== Activity ==
The material below holds pictures, which are to be left out; copy exactly the lines from the one with "八字中 🦁 无 🐋 财并不是格局高的体现 🐘 。" through the one with "Niebieskie zimowe bryczesy".

== Dataset extract ==

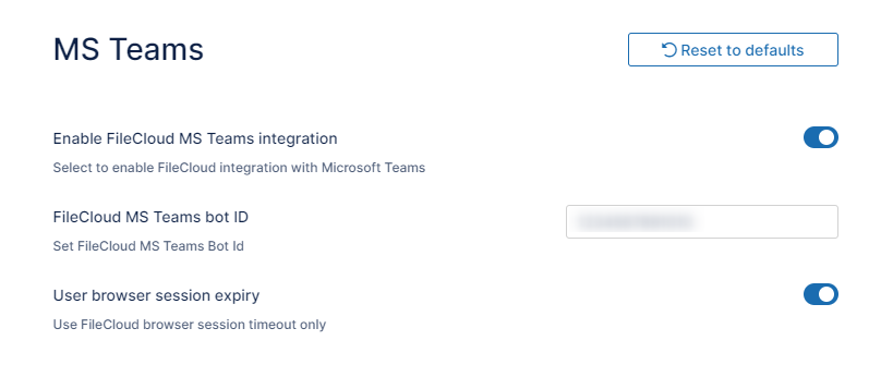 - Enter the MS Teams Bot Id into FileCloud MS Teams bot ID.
--
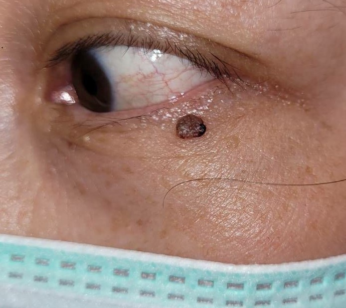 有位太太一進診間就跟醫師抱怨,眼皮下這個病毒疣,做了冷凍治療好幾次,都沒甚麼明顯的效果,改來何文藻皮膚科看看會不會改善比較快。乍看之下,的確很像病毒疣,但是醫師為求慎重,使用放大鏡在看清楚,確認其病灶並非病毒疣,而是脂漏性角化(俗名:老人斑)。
---
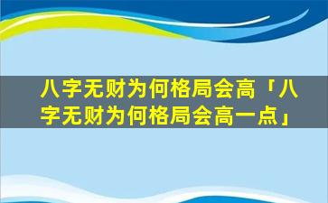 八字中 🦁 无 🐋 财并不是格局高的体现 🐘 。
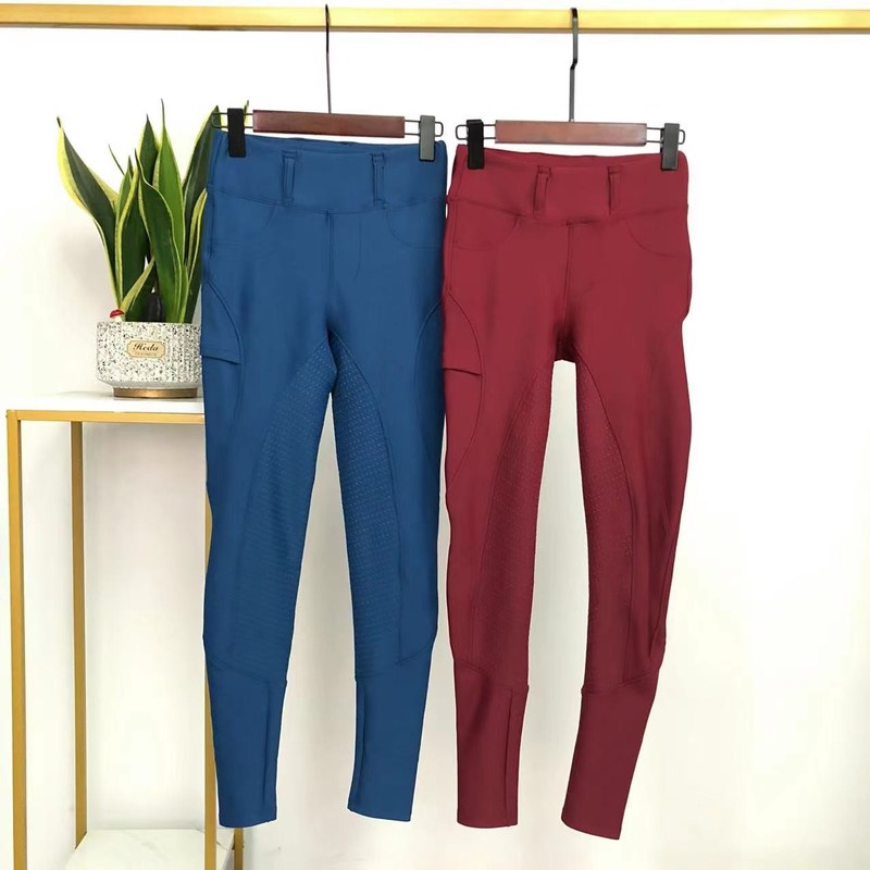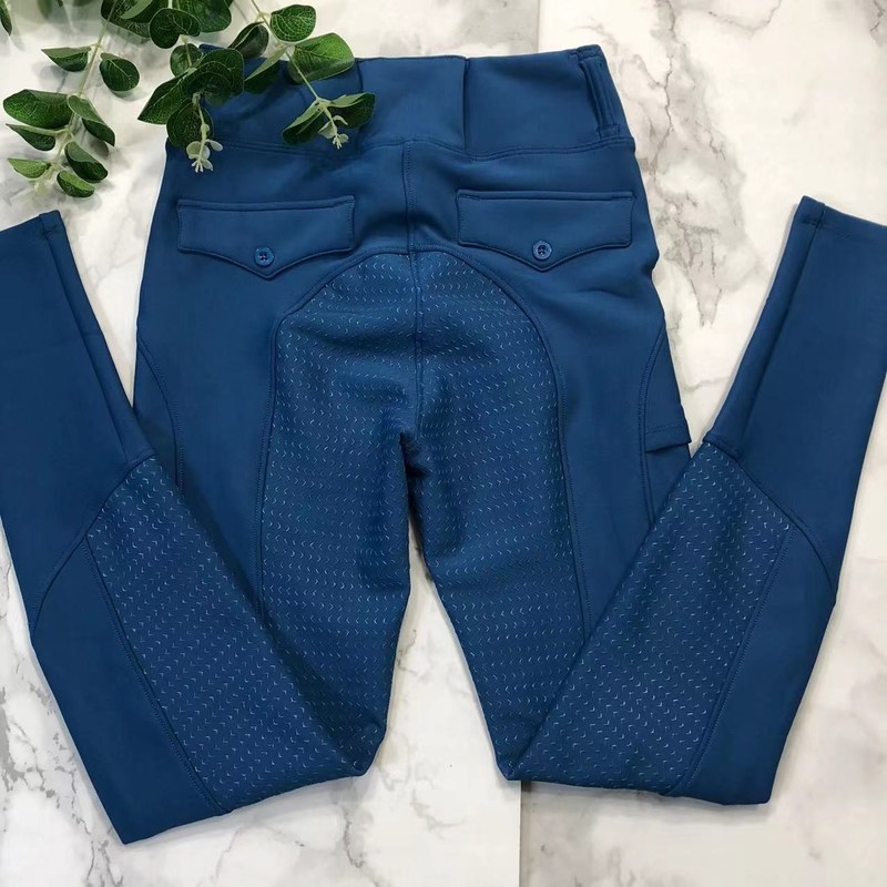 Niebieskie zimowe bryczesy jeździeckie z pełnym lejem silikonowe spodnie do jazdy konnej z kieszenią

== Expected answer ==
 八字中 🦁 无 🐋 财并不是格局高的体现 🐘 。
 Niebieskie zimowe bryczesy jeździeckie z pełnym lejem silikonowe spodnie do jazdy konnej z kieszenią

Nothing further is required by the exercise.